Assignment — Go through the following data and transcribe exactly the stretch of lines from the one holding "Иллюстратор из Лос-Анджелеса" to the one holding "水着 スイムウェア ワンピース", both included.

Record extracts —

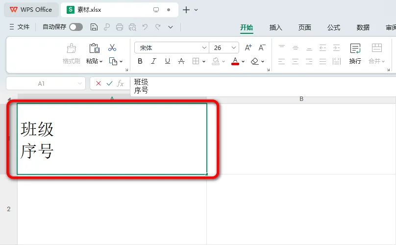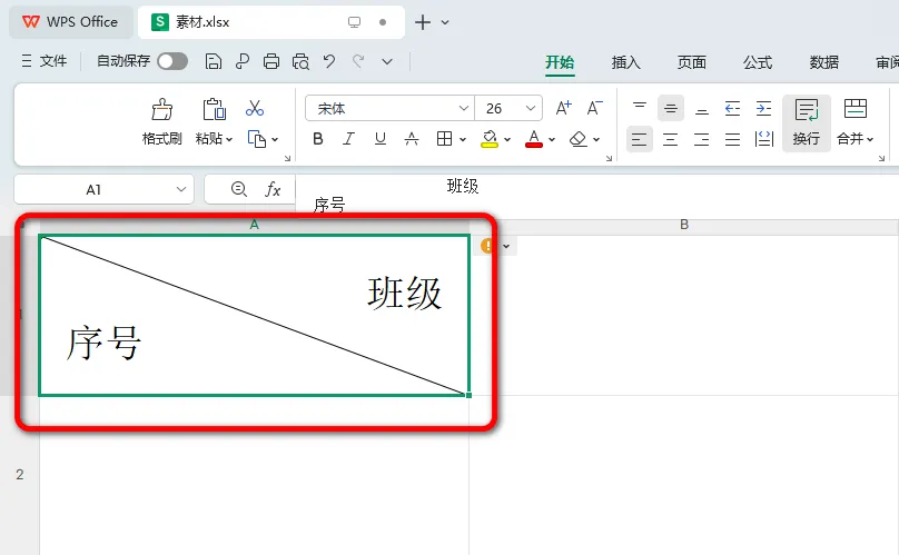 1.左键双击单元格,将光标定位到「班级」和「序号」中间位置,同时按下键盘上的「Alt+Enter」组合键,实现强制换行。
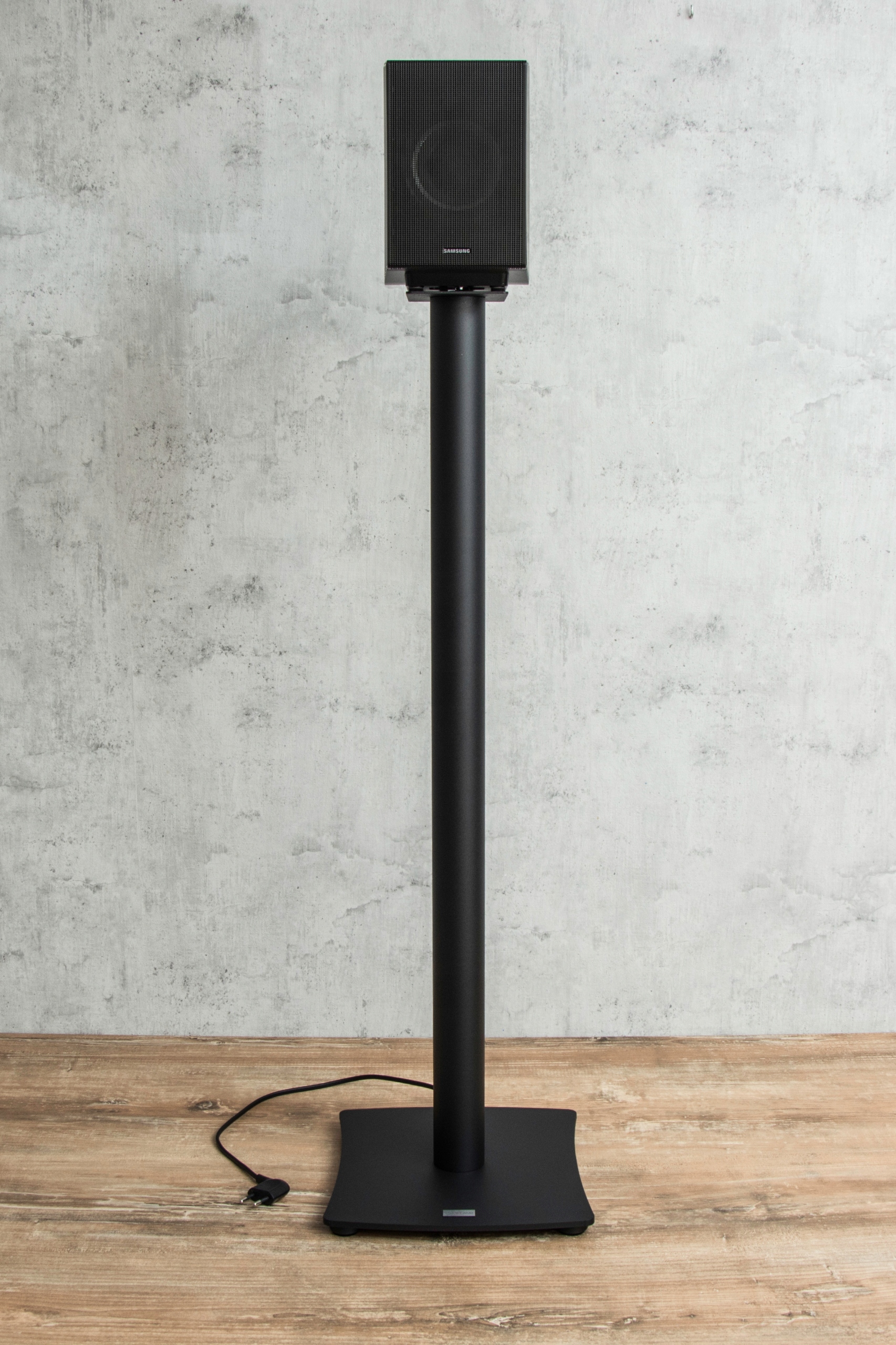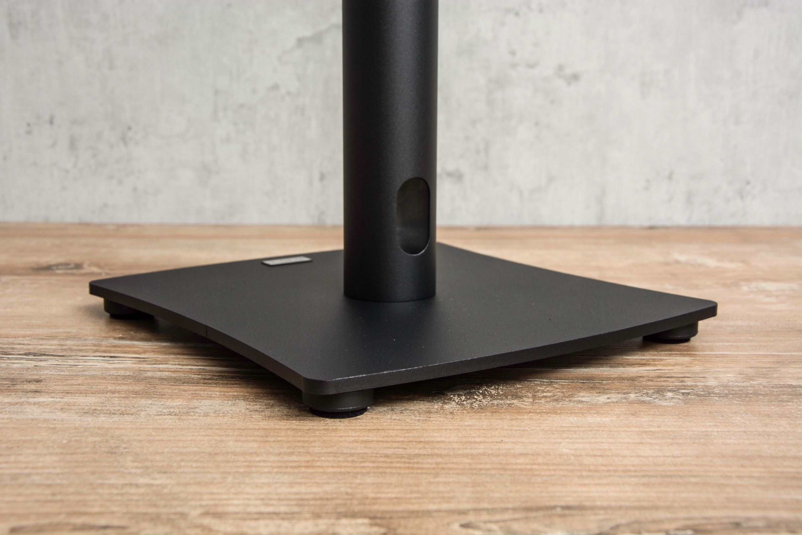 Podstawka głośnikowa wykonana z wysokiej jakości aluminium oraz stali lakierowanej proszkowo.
==
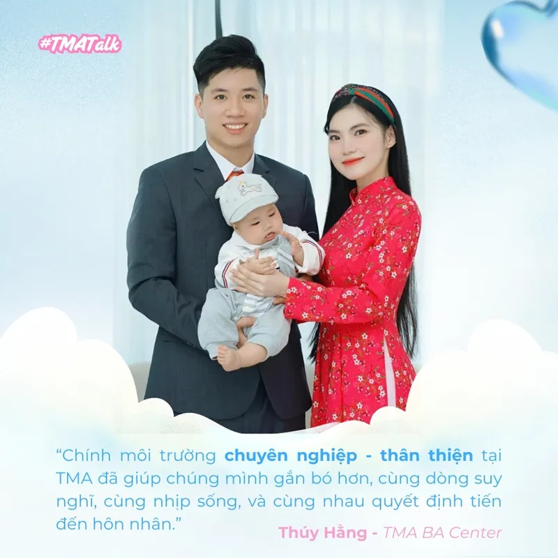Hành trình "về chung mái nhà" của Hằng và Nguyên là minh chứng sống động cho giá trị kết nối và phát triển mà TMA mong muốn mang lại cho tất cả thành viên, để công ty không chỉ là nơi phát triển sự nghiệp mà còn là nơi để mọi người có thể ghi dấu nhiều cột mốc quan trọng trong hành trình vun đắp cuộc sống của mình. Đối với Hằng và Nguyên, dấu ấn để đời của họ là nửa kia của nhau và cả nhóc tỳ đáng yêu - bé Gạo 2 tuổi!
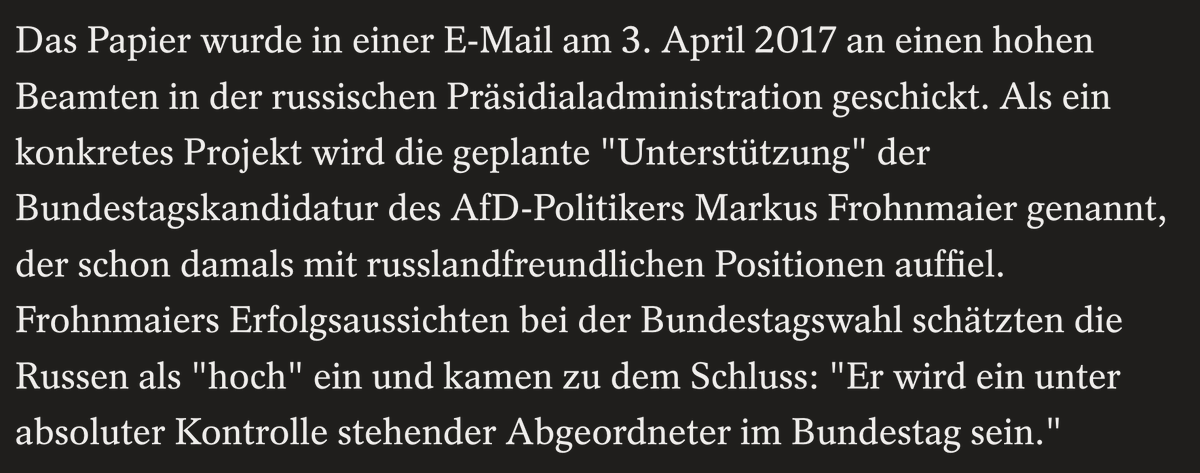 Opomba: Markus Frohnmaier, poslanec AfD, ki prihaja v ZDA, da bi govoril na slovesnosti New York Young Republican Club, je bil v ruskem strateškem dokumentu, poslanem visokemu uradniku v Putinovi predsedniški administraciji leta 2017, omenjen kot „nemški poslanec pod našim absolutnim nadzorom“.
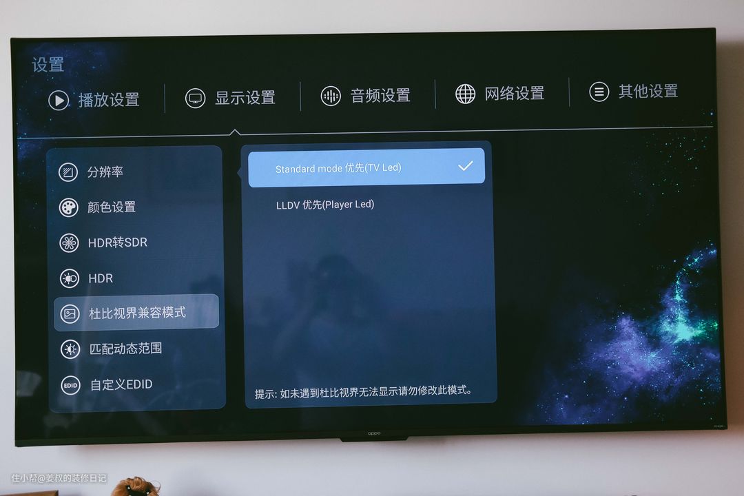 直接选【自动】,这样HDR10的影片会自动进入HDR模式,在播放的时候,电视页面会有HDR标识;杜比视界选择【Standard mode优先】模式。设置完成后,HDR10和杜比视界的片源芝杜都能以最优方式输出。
...
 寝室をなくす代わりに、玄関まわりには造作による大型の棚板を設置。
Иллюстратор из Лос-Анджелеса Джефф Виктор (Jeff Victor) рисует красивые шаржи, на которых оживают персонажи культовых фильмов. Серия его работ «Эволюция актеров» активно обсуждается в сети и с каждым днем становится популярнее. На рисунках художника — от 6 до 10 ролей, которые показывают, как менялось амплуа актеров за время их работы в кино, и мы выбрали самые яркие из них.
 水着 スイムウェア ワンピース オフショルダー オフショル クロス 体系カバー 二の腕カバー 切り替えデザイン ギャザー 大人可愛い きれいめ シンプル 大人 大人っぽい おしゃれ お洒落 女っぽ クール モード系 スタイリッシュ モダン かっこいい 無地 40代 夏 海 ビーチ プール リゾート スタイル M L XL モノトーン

Output —
Иллюстратор из Лос-Анджелеса Джефф Виктор (Jeff Victor) рисует красивые шаржи, на которых оживают персонажи культовых фильмов. Серия его работ «Эволюция актеров» активно обсуждается в сети и с каждым днем становится популярнее. На рисунках художника — от 6 до 10 ролей, которые показывают, как менялось амплуа актеров за время их работы в кино, и мы выбрали самые яркие из них.
 水着 スイムウェア ワンピース オフショルダー オフショル クロス 体系カバー 二の腕カバー 切り替えデザイン ギャザー 大人可愛い きれいめ シンプル 大人 大人っぽい おしゃれ お洒落 女っぽ クール モード系 スタイリッシュ モダン かっこいい 無地 40代 夏 海 ビーチ プール リゾート スタイル M L XL モノトーン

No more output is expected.